Overall, the agency business is believed to require time to adjust back to normal conditions, with little competition as currently, there are only 3-4 medium to large agents in the market, with a total market value of around 13,000 – 15,000 million baht per year.
In 2023, “Angel Real Estate” plans to re-enter the agency business, preparing to purchase 20 condo projects in both Bangkok and Chiang Mai, with a total value of over 7 billion baht to expand its portfolio this year. The sales target for this year is approximately 7 billion baht, with around 5 billion baht expected to be transferred, growing more than 10%, depending on whether the focus will be on selling ready-to-move-in units or pre-sales.
The key strategy this year is to understand customers by selecting quality products from trusted leading real estate developers such as Sansiri, Supalai, Sena, Siamese, Land and Houses, Ananda, and Orsirin, to deliver products with suitable common areas to meet the needs of real demand customers.

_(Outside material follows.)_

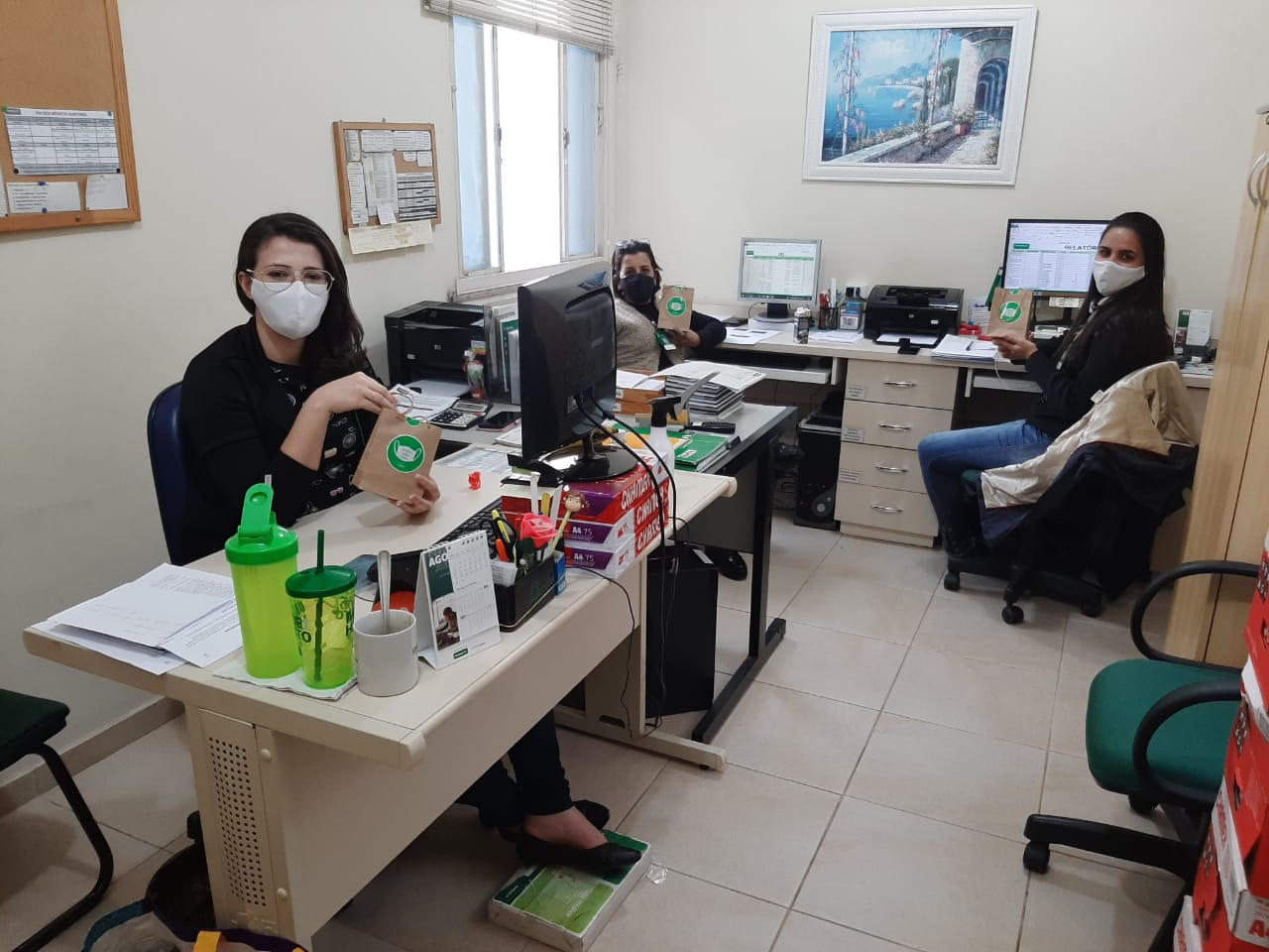 Por causa das atividades comerciais que retornaram, em Itaguaí, Mangaratiba e Seropédica, além do dia a dia de trabalho, na própria sede administrativa, a Unimed Costa Verde sentiu a necessidade de montar kits com álcool em gel hidratante 70 e máscara para entregar aos seus colaboradores e, assim, assegurar ao máximo possível a sua saúde e integridade.

“The strength that customers still trust in the Angel brand is because we take responsibility, which has been our approach and policy all along, not something we just started today. Over the past 5-10 years, we have cared for and maintained contact with customers at all times. When customers have problems, our team steps in to resolve them. We have a Customer Relationship Management (CRM) system and a commitment to corporate social responsibility (CSR) that continues. We can reference our old customers. Angel has not gone anywhere,”Mr. Simon Lee concluded.